_GIVEN MATERIAL_
[Start of section]
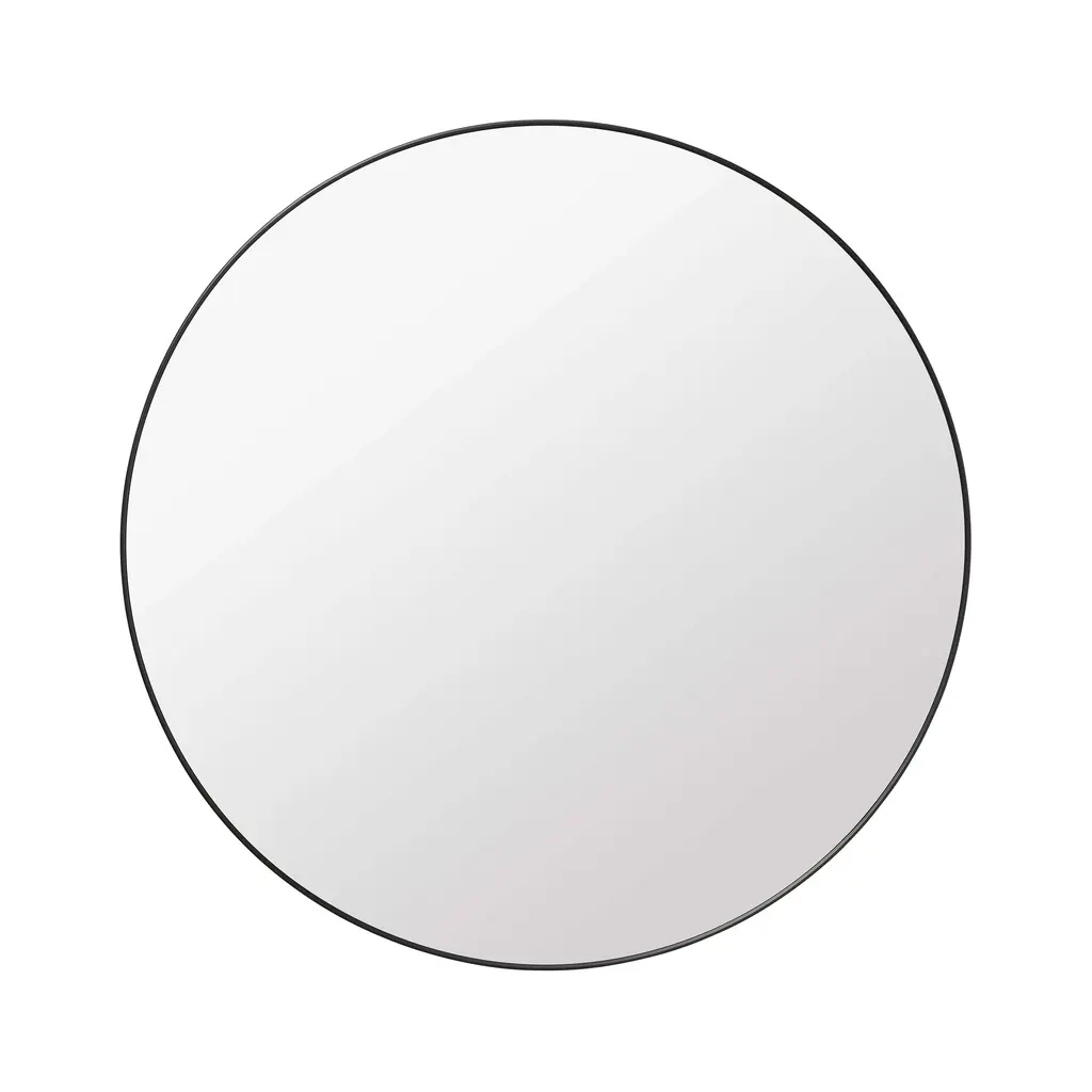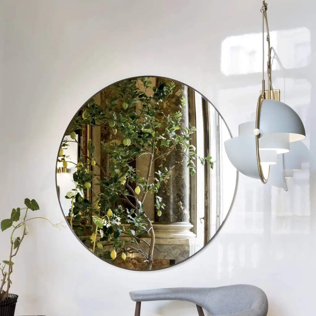 Emphatically over scaled, Gubi's rendition of the elemental round mirror brings a captivating depth and dimension to any room. On a warming note, the classic rounded shape is framed with a tracing of solid brass to modulate its presence and enhance the gleaming reflection.
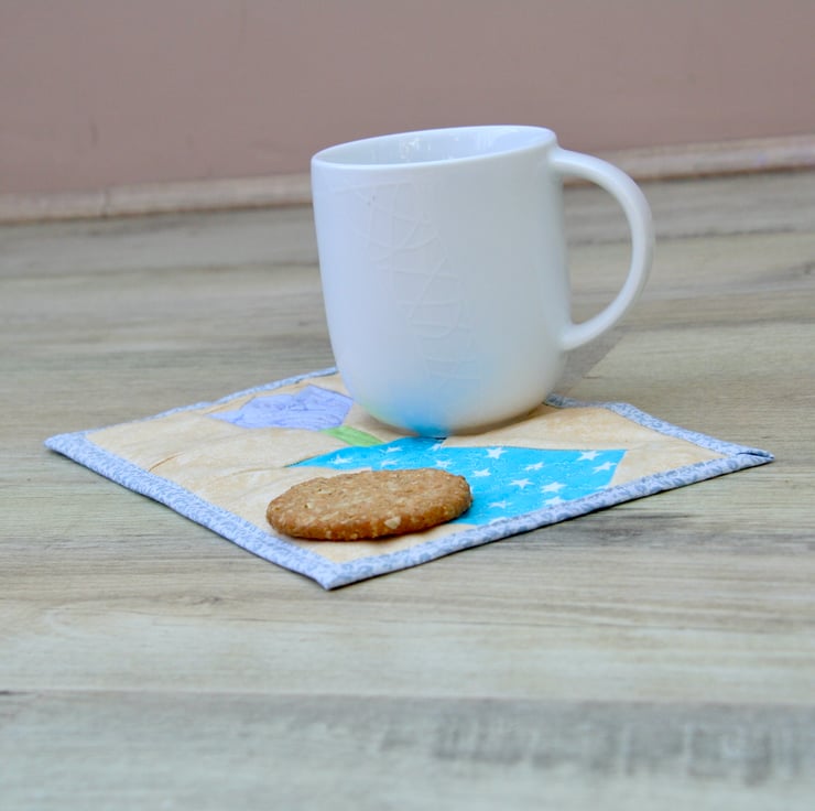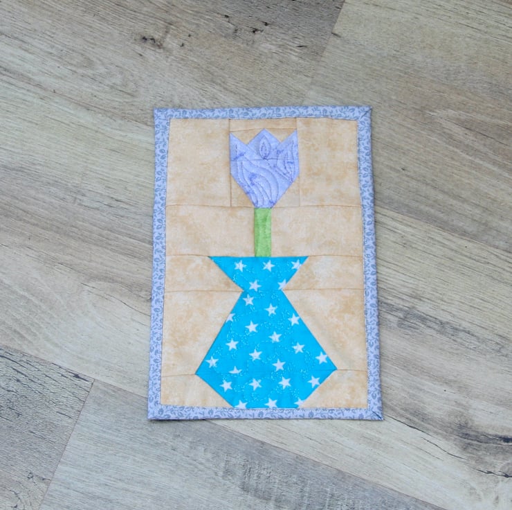 This beautiful mug rug, featuring a blue tulip in a vase, is big enough to accommodate your drink and a cheeky biscuit.
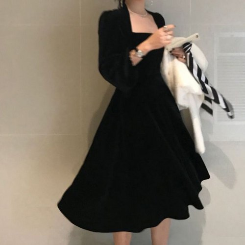 퐁순싸롱 스퀘어넥 A라인 플레어 벨벳 미디 원피스 SY
[End of section]
_PROBLEM TO WORK ON_
Leave the pictures out and transcribe the remaining material exactly.

_SOLUTION TO THE PROBLEM_
 Emphatically over scaled, Gubi's rendition of the elemental round mirror brings a captivating depth and dimension to any room. On a warming note, the classic rounded shape is framed with a tracing of solid brass to modulate its presence and enhance the gleaming reflection.
 This beautiful mug rug, featuring a blue tulip in a vase, is big enough to accommodate your drink and a cheeky biscuit.
 퐁순싸롱 스퀘어넥 A라인 플레어 벨벳 미디 원피스 SY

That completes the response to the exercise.